Toward midday he generally feels a little better. He gets up and walks around the room obsessively putting everything in its right place. He folds up my clothes, which are draped over the back of a chair. Puts the cards away in their box. Pounces on a piece of paper. Removes the empty glasses from the room and leaves them on the bench in the hallway. Takes great pains to get the blanket perfectly straight, as though this were a base for new recruits. Scolds me for leaving my comb lying on the table.

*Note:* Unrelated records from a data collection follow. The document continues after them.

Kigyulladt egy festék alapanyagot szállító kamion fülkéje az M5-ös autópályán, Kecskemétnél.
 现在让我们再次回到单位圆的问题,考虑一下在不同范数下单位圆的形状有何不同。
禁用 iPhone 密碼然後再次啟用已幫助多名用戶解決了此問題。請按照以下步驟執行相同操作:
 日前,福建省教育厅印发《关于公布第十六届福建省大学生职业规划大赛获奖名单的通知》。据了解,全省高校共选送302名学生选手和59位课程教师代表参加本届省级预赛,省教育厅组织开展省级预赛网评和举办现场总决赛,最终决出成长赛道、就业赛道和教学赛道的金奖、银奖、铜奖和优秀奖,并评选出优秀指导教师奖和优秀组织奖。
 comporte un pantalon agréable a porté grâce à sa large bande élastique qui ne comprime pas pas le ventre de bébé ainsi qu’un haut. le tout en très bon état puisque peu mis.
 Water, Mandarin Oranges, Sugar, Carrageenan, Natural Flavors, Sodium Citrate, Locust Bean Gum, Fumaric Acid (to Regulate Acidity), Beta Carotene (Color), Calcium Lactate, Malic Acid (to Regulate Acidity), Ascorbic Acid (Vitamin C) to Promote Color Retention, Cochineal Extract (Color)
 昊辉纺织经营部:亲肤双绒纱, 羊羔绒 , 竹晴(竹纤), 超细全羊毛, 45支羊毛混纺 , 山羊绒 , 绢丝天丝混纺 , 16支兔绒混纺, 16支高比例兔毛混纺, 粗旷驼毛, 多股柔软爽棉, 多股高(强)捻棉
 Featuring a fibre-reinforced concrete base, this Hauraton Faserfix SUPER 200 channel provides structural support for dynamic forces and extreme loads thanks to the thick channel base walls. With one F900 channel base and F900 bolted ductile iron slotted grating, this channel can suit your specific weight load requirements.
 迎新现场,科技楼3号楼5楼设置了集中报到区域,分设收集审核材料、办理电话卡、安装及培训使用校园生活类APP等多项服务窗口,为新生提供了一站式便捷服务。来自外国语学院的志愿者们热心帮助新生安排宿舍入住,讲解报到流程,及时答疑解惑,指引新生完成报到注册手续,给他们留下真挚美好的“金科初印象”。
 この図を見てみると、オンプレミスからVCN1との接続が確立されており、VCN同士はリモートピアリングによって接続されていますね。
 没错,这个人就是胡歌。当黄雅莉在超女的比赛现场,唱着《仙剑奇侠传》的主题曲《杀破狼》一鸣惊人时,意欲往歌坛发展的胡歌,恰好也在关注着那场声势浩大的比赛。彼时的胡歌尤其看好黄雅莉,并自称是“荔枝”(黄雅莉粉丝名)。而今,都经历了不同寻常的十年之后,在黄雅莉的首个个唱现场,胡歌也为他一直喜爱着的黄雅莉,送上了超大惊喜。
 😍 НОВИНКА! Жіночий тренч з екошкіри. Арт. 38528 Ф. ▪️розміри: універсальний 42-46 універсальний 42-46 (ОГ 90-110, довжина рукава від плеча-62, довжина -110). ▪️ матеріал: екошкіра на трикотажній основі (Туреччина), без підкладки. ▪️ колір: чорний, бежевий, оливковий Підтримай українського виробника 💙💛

At midday I feed him mashed potatoes or rice pudding. I make him drink a glass of carrot juice. Then I go down and work for an hour or two in the kitchen or one of the storerooms, taking down with me the dirty dishes from the bench in the hall
way and the accumulated dirty laundry. And he starts on his daily walk between the wall and the door, tapping with his stick, always following the same route, like a caged animal. Until four or five o’clock, the beginning of twilight, when he gropes his way with his stick downstairs to the kitchen. Boaz has made a kind of day bed for him, a sort of cat’s cradle on a framework of eucalyptus branches. He huddles in this, close to the fire, wrapped in three blankets, silently watching the girls preparing dinner. Or Boaz studying grammar. Sometimes he dozes off in his cradle and sleeps painlessly on his back with his thumb in his mouth, his face at peace, his breathing slow and regular. This is the easiest time for him. When he wakes up it is pitch dark outside and the kitchen is lit by yellow electricity and the log fire in the grate. I feed him. I give him his pills with a glass of water. Then he sits in his cradle, resting on a heap of cushions that Boaz has made from sacks stuffed with seaweed, listening to the guitar until close to midnight. One by one, or in pairs, they get up, say good night to him politely from a distance, and leave the room. Boaz bends over him, picks him up carefully in his arms, and carries him silently upstairs to our attic room. Softly he lays him down on the bed and goes out and closes the door.